They're going to end it tonight with the lightweights. Wedge of Doom has a steep wedge and a lifting arm. The Wacky Compass is a walker. Its weapon is a metal bar that moves somewhat. The Vegas odds of Wedge of Doom winning this fight are 1:2.

On the side of The Wacky Compass are the words, "Pete please be kind!" Without the cash bribe, that means nothing, The Wacky Compass.

Let's get this over with. As The Wacky Compass walks forward in a straight line to fight, Wedge of Doom simply drives around to its side and pushes it. A couple of tries, and Wedge of Doom places The Wacky Compass squarely over a killsaw. After the saw pushes The Wacky Compass off, Wedge of Doom pushes The Wacky Compass back on again. See, this is where it would have made more sense to have a robot named Sisyphus.

Tiring of the saws, Wedge of Doom pushes The Wacky Compass over near the loading ramp. The goal is to get The Wacky Compass under the sledgehammer, but it takes Wedge of Doom a little while to position everything properly to accomplish that. The Wacky Compass has about one foot still working, so the match continues.

Wedge of Doom finally gets in place and pushes The Wacky Compass onto the yellow circle. Pete is kind to Wedge of Doom, immediately dropping the hammer onto what I think was supposed to be The Wacky Compass' weapon.

Wedge of Doom overshoots its target, though, pushing The Wacky Compass past the range of the sledgehammer. But a quick turn around, and Wedge of Doom gets the center of The Wacky Compass directly under the hammer.

The hammer wails away at The Wacky Compass, hitting a hard part that won't give in. Wedge of Doom lifts The Wacky Compass so other parts might be broken, and the sledgehammer wrecks the "Pete please be kind!" sign. I love irony.

(Note: That may or may not be the correct definition of "irony." But Alanis Morissette has confounded the real definitions of the word so much that the mere fact that I'm pretty close to the actual meaning makes it look like I'm correct compared to her.)

When Bil presents the fictional battle stats, he says that the straight zeroes on The Wacky Compass' side has never been accomplished before. What about when you held up that "1" on a card, smart guy?

To fill up the rest of the time, Bill Nye talks about whether wedges are "cheap" battling robots. You hear the usual trash talk from people on both sides of the issue. Since I know you're all interested, here's my opinion. I don't like robots that don't have a weapon that can be activated. Which means that your basic wedges like Bad Attitude or Double Agent are lame in my book. All they are are just boxes on wheels, not fighting robots. But if you build a wedge with some sort of weapon attached, be it a lifting arm, a saw, or whatever, then you have a robot that's actually designed for combat. So Wedge of Doom, Voltronic, and SABotage are fine in my book.

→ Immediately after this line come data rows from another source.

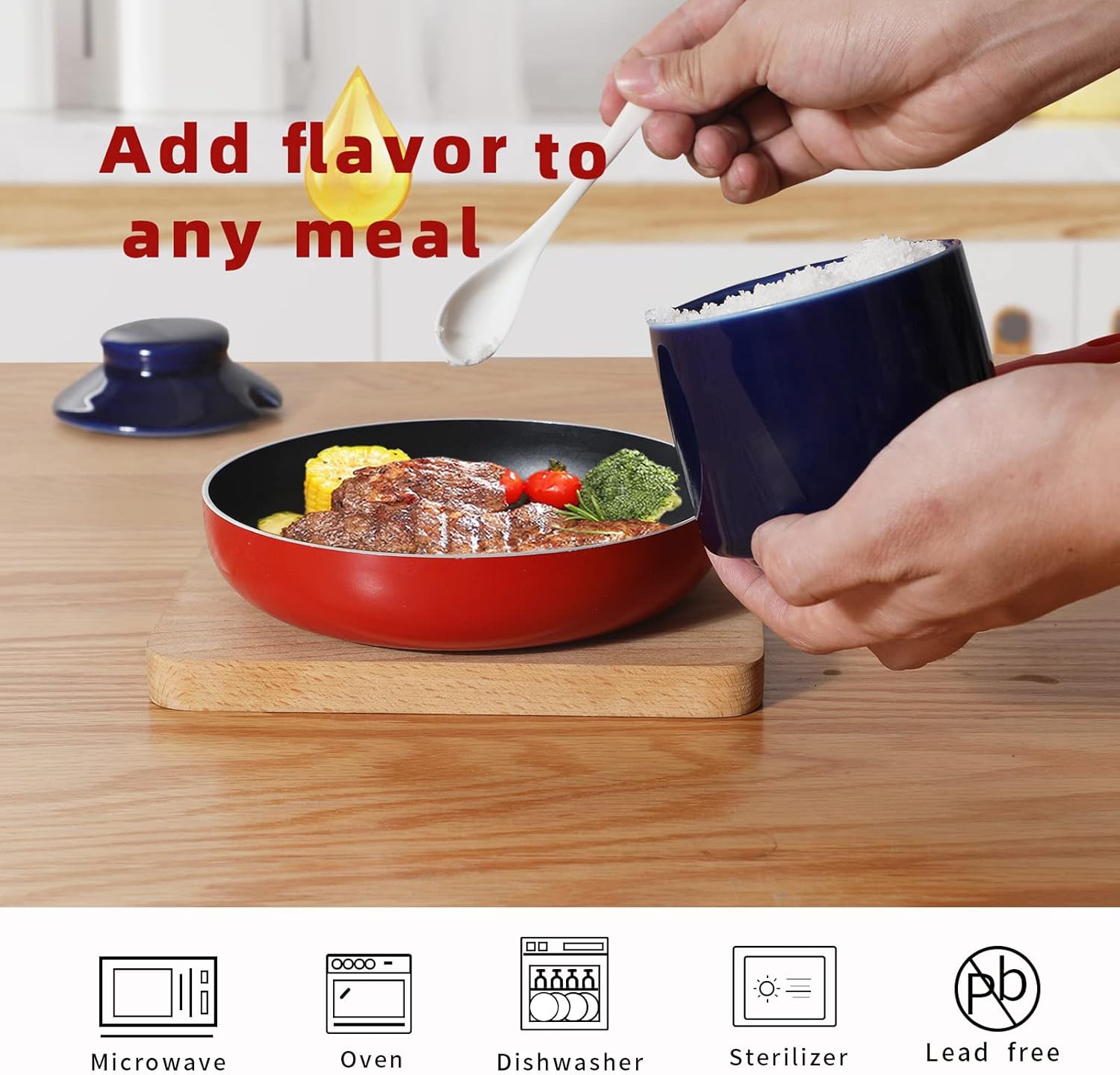 ONTUBE Ceramic Sugar Bowl with Lid and Spoon,Porcelain Seasoning Box Salt Bowl,8oz (Navy)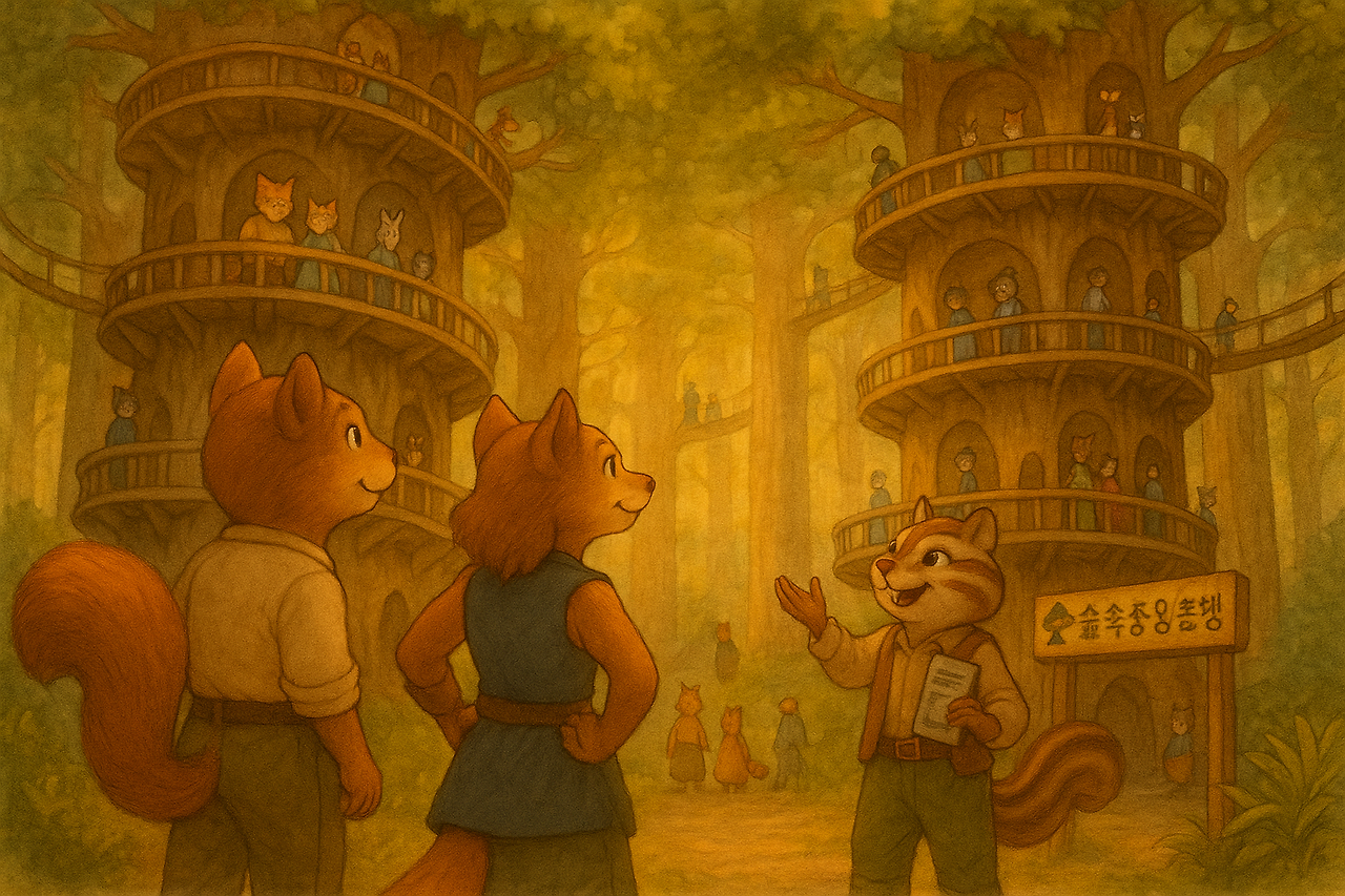 "원래 이 하늘 나무집들은 도토리 1만 개를 주셔야만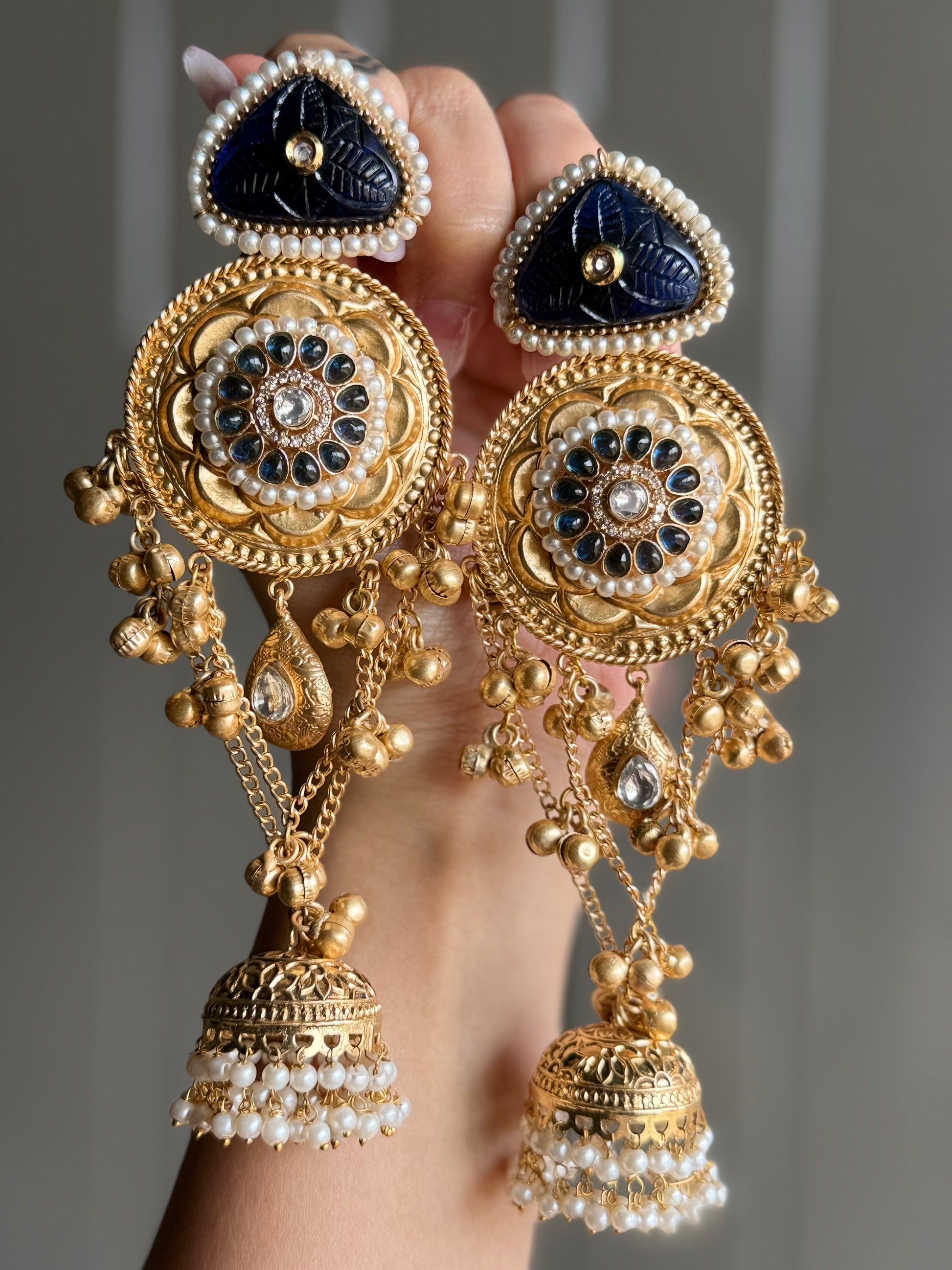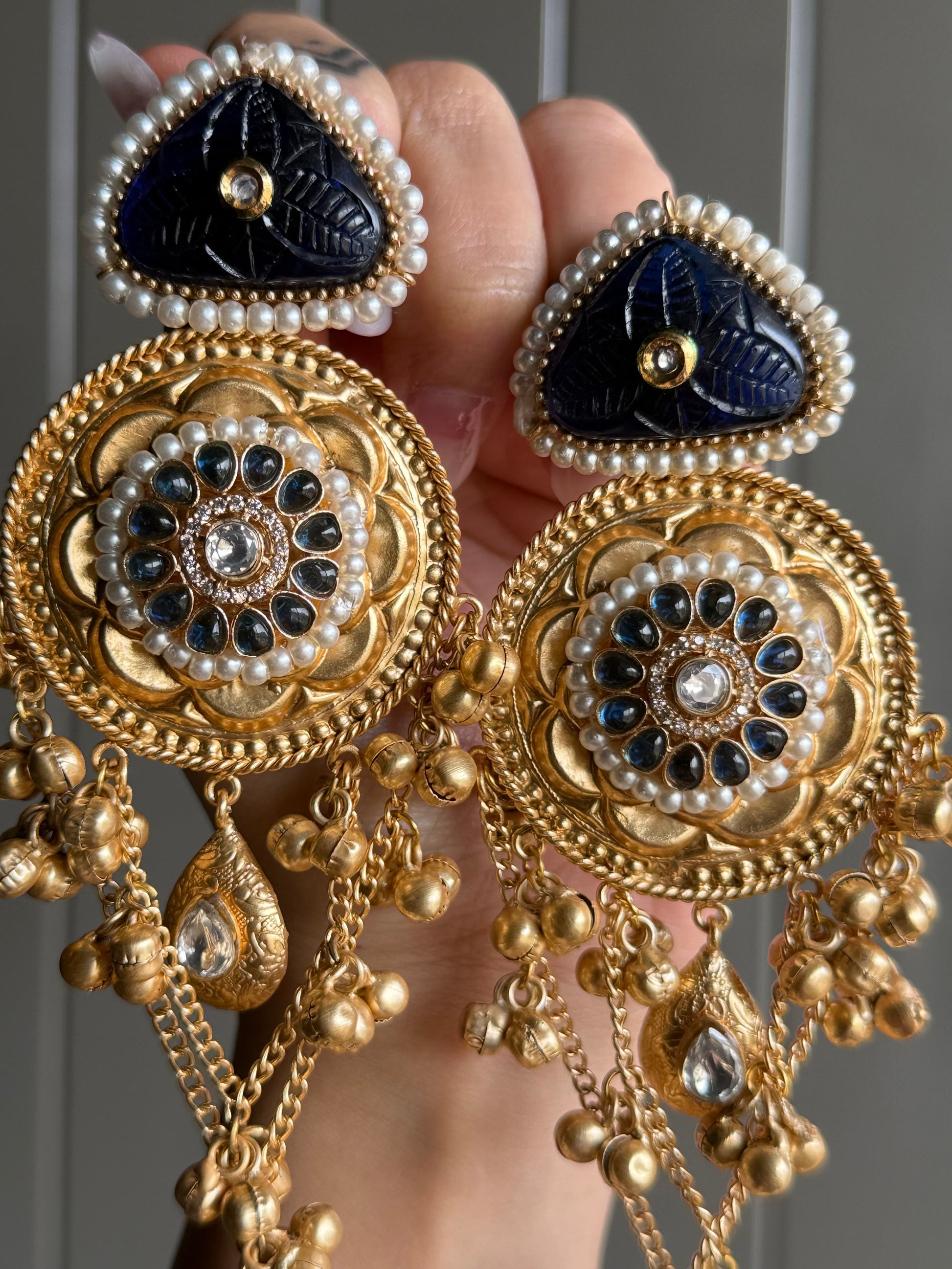 Embody the essence of royal grandeur with Rajwada Shringar Earrings, a masterpiece inspired by regal traditions and timeless artistry. Featuring a bold navy triangular stud bordered with delicate pearls, the design cascades into intricate circular motifs adorned with kundan-style stones, golden ghungroo clusters, and traditional jhumka drops lined with white pearls.

(Also note that the weapons should actually be useful. Atomic Wedgie and Blood Moon, as far as I'm concerned, are just boring wedges because their spinning blades rarely even enter into a fight.)

And that's the end of the episode. Looking through the credits, I see that there's a statistician on the show. He must be the guy that tells us how many wins a robot has had from a certain square. I'm guessing that he's also the guy that has to count how many times Mouser Super Mecha-Catbot taps another robot with its tail for the "battle stats." Still, it's got to be a really cushy job. Just thought I'd make you feel better about your own real work. Good night, folks.